## Aim of the exercise
Exactly retype the lines below from the one containing "X 무직, 회생, 파산, 연체중 신청불가" through the end of the listing. Leave pictures out.

## Data extract
--------------------------------

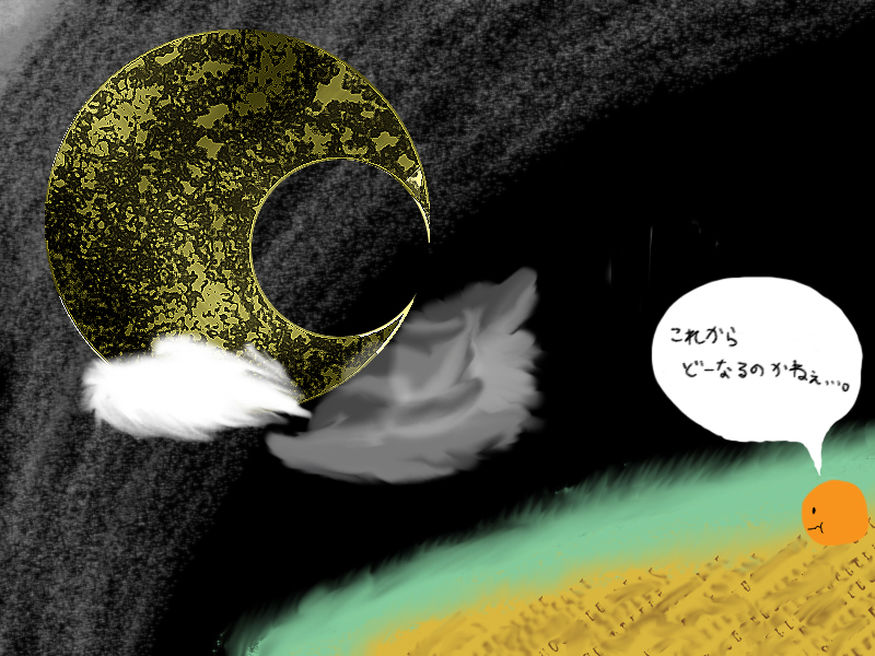 イラスト 2009/02/28 月夜 ブログ全体を見てたら兄貴とサティおじさんの絵だけで 何とも言えない男らしいブログに豹変していたのでちょっと雰囲気変えます。 珍しい描き方をしてみました。 トレーシングばかりのパクってばっかりの絵だったので 何も見ずに何かを描こうと思ったらこうなりました。 描きながら聴いていた音楽に9割ほど影響されたかも。 けどあんまり他の絵とかかった時間変わってなかったり…。 しかし最近何が起こるか解らない世の中になりましたね。 大学に受験して受かったり兄貴が来日したりありえもしない出来事が普通のように起ってるような…。 わざわざ夜を照らしてくれる月も本当は結構黒いのかも。 月の光に見とれて気付いたら崖から滑り落ちてないかなぁ…。な絵です。
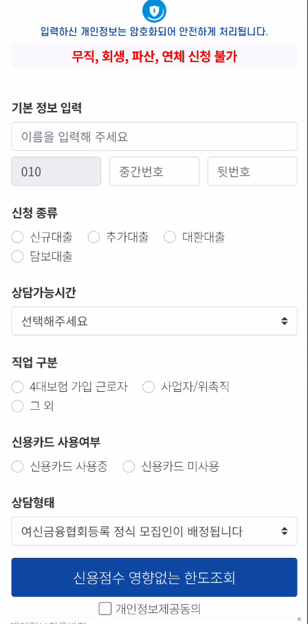 X 무직, 회생, 파산, 연체중 신청불가
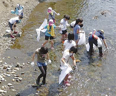 この日は、3班に分かれて作業を実施。参加者は長靴をはいて川に入り、ゴミを丁寧に拾った。
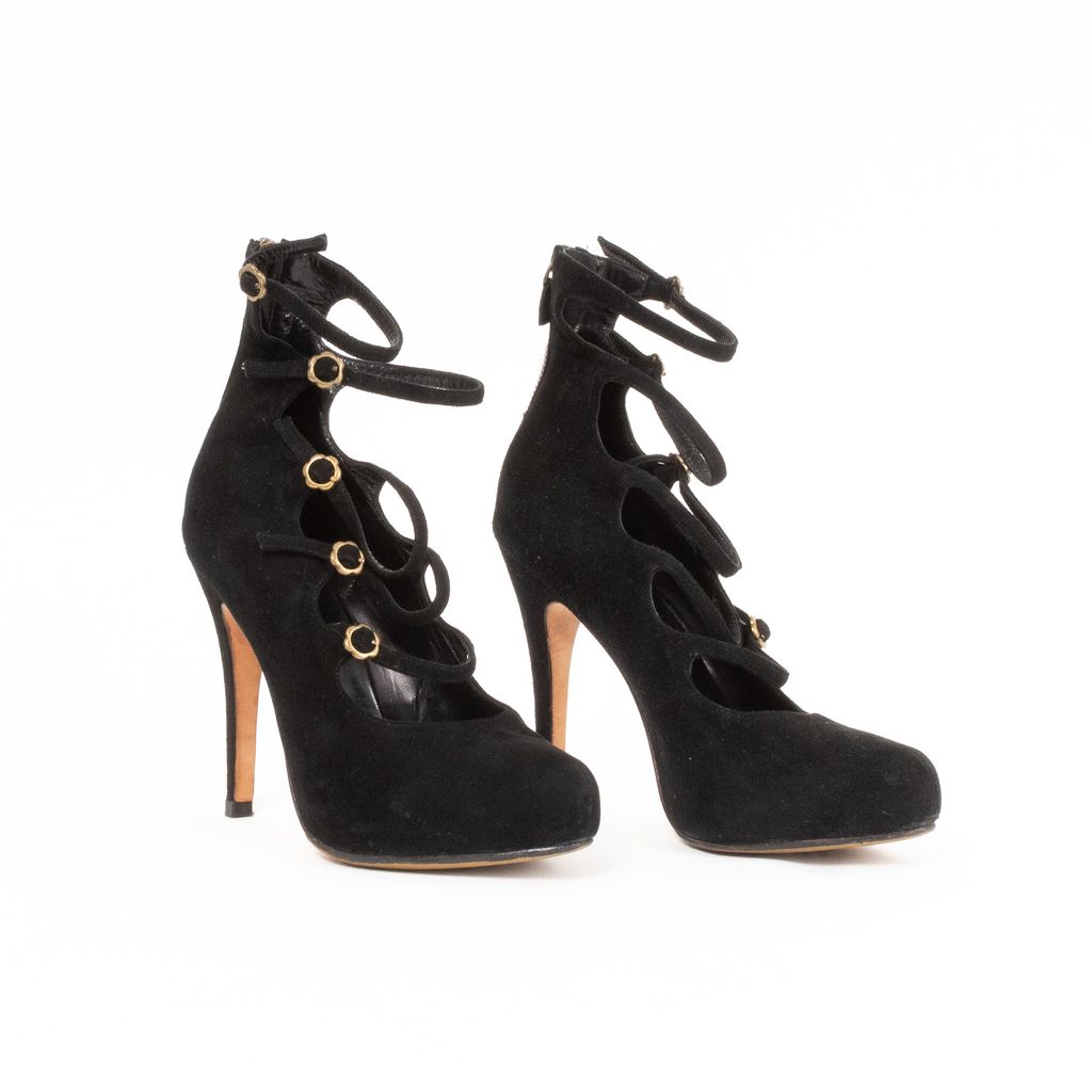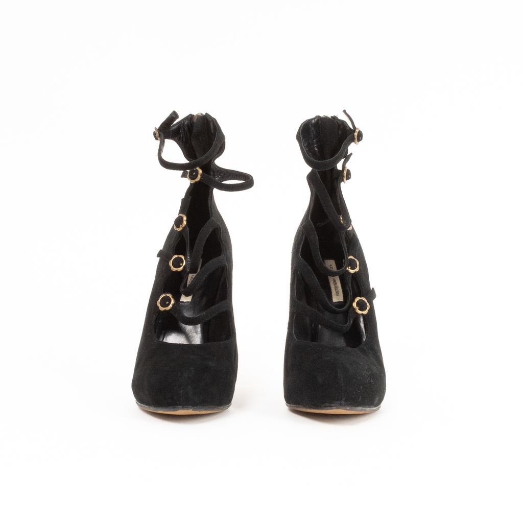 These Kathryn Amberleigh heels give us 60's and 70's throwback vibes with their multi strap Mary Jane style body and floral buckle clasps. Features 5 strap top with adjustable buckle closure, zip back closure, rounded toe, platform heel, and 4" heel height.

--------------------------------

## Exercise solution
 X 무직, 회생, 파산, 연체중 신청불가
 この日は、3班に分かれて作業を実施。参加者は長靴をはいて川に入り、ゴミを丁寧に拾った。
 These Kathryn Amberleigh heels give us 60's and 70's throwback vibes with their multi strap Mary Jane style body and floral buckle clasps. Features 5 strap top with adjustable buckle closure, zip back closure, rounded toe, platform heel, and 4" heel height.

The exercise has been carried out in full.